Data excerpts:
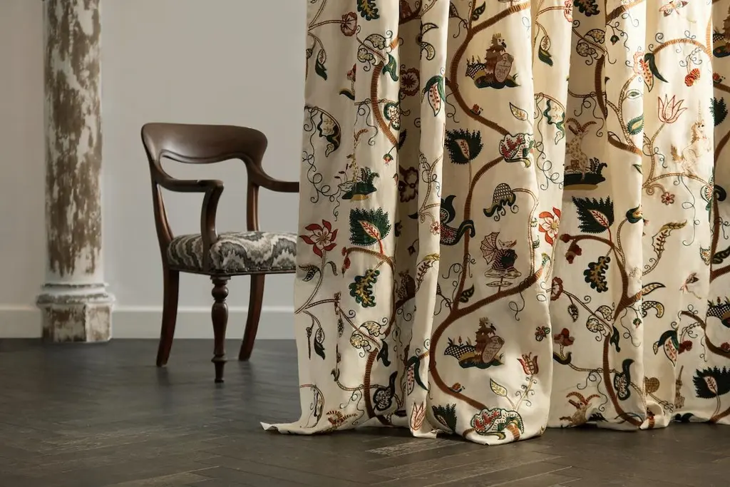 Zoffany is thrilled to introduce guest designer Livia Papiernik a graduate from the Royal School of Needlework (RSN) and subsequently London’s Royal College of Art.Her unique style incorporates an exquisite blend of pattern and storytelling paying homage to Jacobean embroidery and the heraldic beast statues which decorate Hampton Court Palace. This considered piece is embellished with hand finished detail and decorative stitching. 58% Cotton 42% Polyester. Sold by the yard. Part of the ARCADIAN THAMES Collection. Vertical Repeat: 29.9212598425197 Horizontal Repeat: 50.7874015748032 Aftercare Codes: No Machine Wash - SDC / No Ble / No tumb / W Iron / SDC (Spec) This item is non-refundable, but swatches are available for purchase. Colors can vary from screen to screen; we recommend ordering a swatch before placing your full size purchase. For any questions, please reach out to swatches@chairish.com
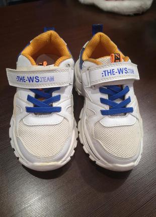 Рощмір 27, по стельці 17.5, легкі та зручні, жовте спереді на тканині забереться після прання в машинці ( перевірено неодноразово при забрудненні на вулиці любих плямок)
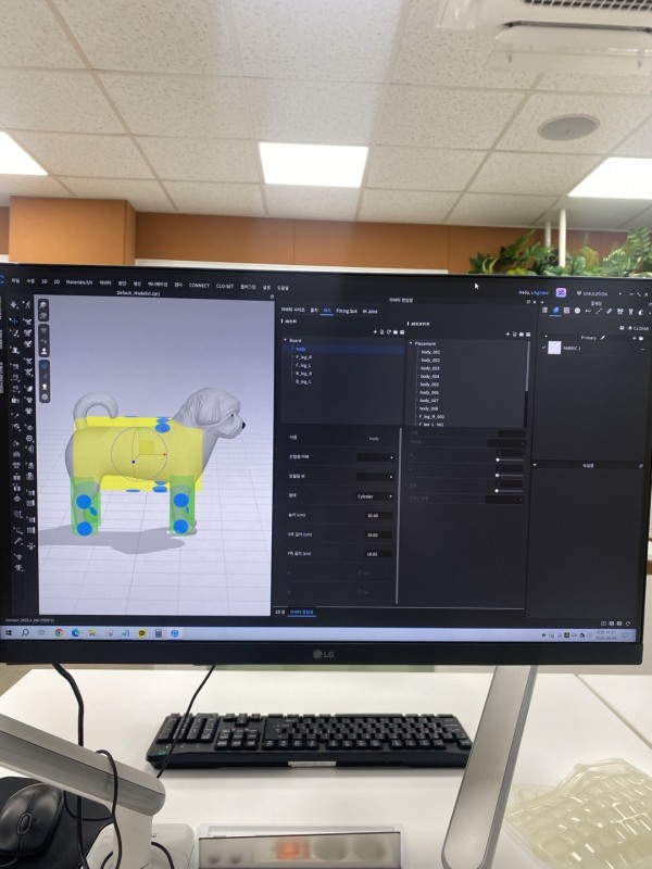 오늘은 강아지 몸에 맞는 배치판을 만들어서 배치 포인트를 심는 법을 배웠다. 작은 몸에 생각보다 많은 포인트가 들어가는게 신기했다. 강아지한테 옷을 입혀봤는데 예쁜 모양이 잘안나와서 계속 만져주는 노력이 필요했다. clo가 이번에 업데이트를 해서 ai기술을 활용한 여러 기능들과 데님에 워싱기술을 넣을 수 있는 등의 기술들이 생겼다. 아직 제대로 활용은 못해봤지만 유용한 기능인거 같다. 시접 넣는법과 원가 계산하는 유용한 법을 배웠다.
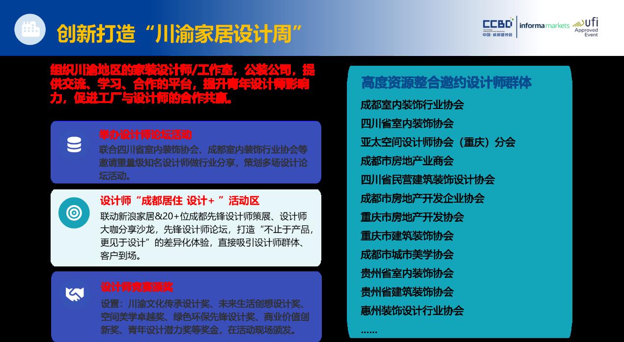 展會還將攜手新浪家居及20余位成都先鋒設計師聯合策展,通過設計師大咖分享沙龍、先鋒設計師論壇等活動,打造“不止于產品,更見于設計”的差異化體驗,精準吸引設計師群體與優質客戶到場交流。設計周特設新材料、新工藝區、創意概念區、設計師作品區三大特色展區,全方位展現行業前沿趨勢與設計落地成果。現場還將頒發“川渝文化傳承”“未來生活創想”“空間美學卓越”等六大獎項,表彰行業精英,激發創新活力。
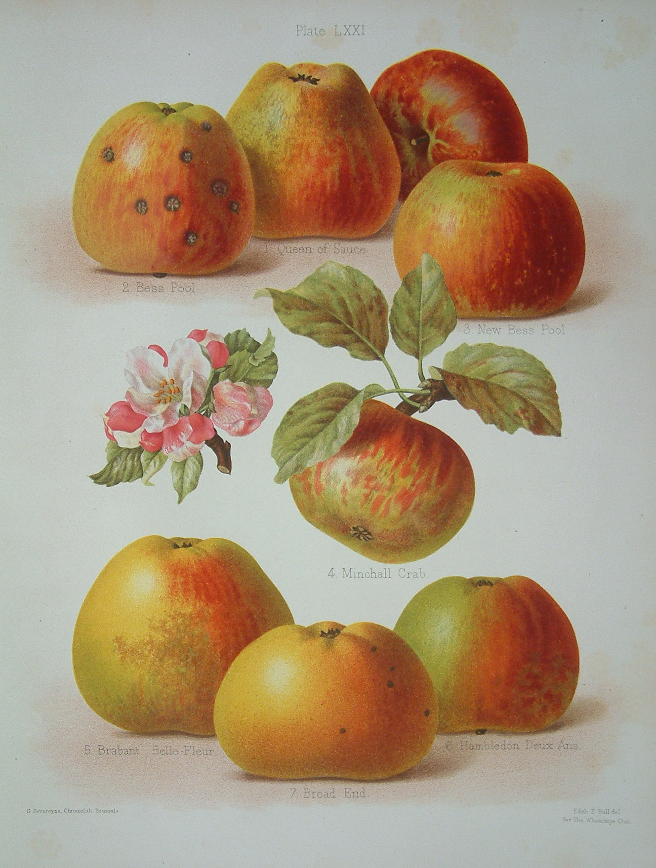 The Woolhope Naturalists’ Field Club was based in Hereford, the capital of a county famous for its apples and pears. The Club’s Pomology Committee was headed by the Reverend Charles Henry Bulmer whose sons in 1887 founded the company which today is now the largest cider-maker in the world. In 1876 the Club considered publishing a ‘Herefordshire Pomona’ and collected 1200 plates for two exhibitions. From these a selection was made for which further descriptions were required. The first of seven parts was published in the autumn of 1878 and following issues were approximately every year until 1885. The artists used all eight autumn seasons and their sunny hours to record 432 varieties of apples and pears. The descriptions were the work of Doctor Robert Hogg (1818-97) with the various introductory material being the work of the overall editor Doctor Henry Graves Bull (c.1818-85). It is considered a vital book in the history of each variety. ‘An Oak Spring Pomona’ (1990) pp. 218-222.
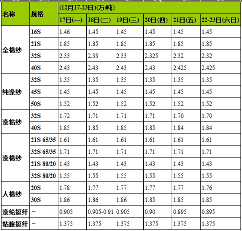 這周,全棉紗價(jià)格偏弱運(yùn)行,近期銷售不力,商家以出貨為主,相對32S高配、J21S走貨尚可,60S動(dòng)銷量略有放大,還有包覆紗32S全棉+40D氨綸較動(dòng)銷,主要用于錦棉彈力布生產(chǎn),全棉精梳銷售較顯一般。滌棉紗65/3580/2032S45S價(jià)格走勢均穩(wěn)定狀態(tài)。滌粘紗(65/35)32S/2需求抬升,主要用于生產(chǎn)TR條子導(dǎo)電布,滌粘紗價(jià)格走勢穩(wěn)中下調(diào)。純滌紗價(jià)格平穩(wěn)走勢,商家反映純滌紗45S銷量稍大些,目前滌綸短纖價(jià)格走勢略顯疲軟,中心價(jià)8950元/噸左右,預(yù)計(jì)下周純滌紗行情將有下行趨勢。部分人棉紗價(jià)格仍有下調(diào),10S銷量好于其他,粘膠短纖價(jià)格處于調(diào)整之中,均價(jià)13750元/噸左右,預(yù)計(jì)后市人棉紗將繼續(xù)呈調(diào)整態(tài)勢。
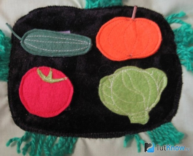 Из кусочков разных цветов, соответствующих конкретному фрукту, овощу, вырежьте их. С обратной стороны пришейте липучку и разместите аппликацию на коврике. Тогда малыш сможет отрывать тканевые фрукты и овощи и крепить их на другое место половичка.
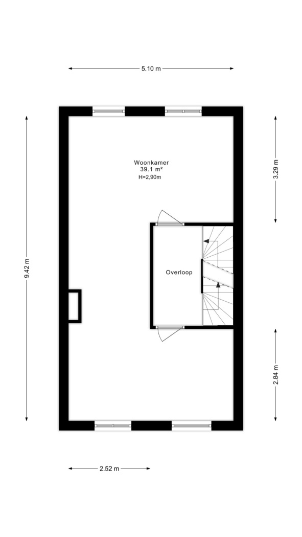 Via de overloop kom je in de royale, lichte doorzonwoonkamer: een heerlijke leefruimte met een prachtig uitzicht op de groene stadswal.

• _WORK INSTRUCTIONS_
Find the line with "Рощмір 27, по" in the entries above. Set down exactly every line from it up to and including the line with "오늘은 강아지 몸에 맞는", images excluded.

• _RESULT FOR THIS EXERCISE_
 Рощмір 27, по стельці 17.5, легкі та зручні, жовте спереді на тканині забереться після прання в машинці ( перевірено неодноразово при забрудненні на вулиці любих плямок)
 오늘은 강아지 몸에 맞는 배치판을 만들어서 배치 포인트를 심는 법을 배웠다. 작은 몸에 생각보다 많은 포인트가 들어가는게 신기했다. 강아지한테 옷을 입혀봤는데 예쁜 모양이 잘안나와서 계속 만져주는 노력이 필요했다. clo가 이번에 업데이트를 해서 ai기술을 활용한 여러 기능들과 데님에 워싱기술을 넣을 수 있는 등의 기술들이 생겼다. 아직 제대로 활용은 못해봤지만 유용한 기능인거 같다. 시접 넣는법과 원가 계산하는 유용한 법을 배웠다.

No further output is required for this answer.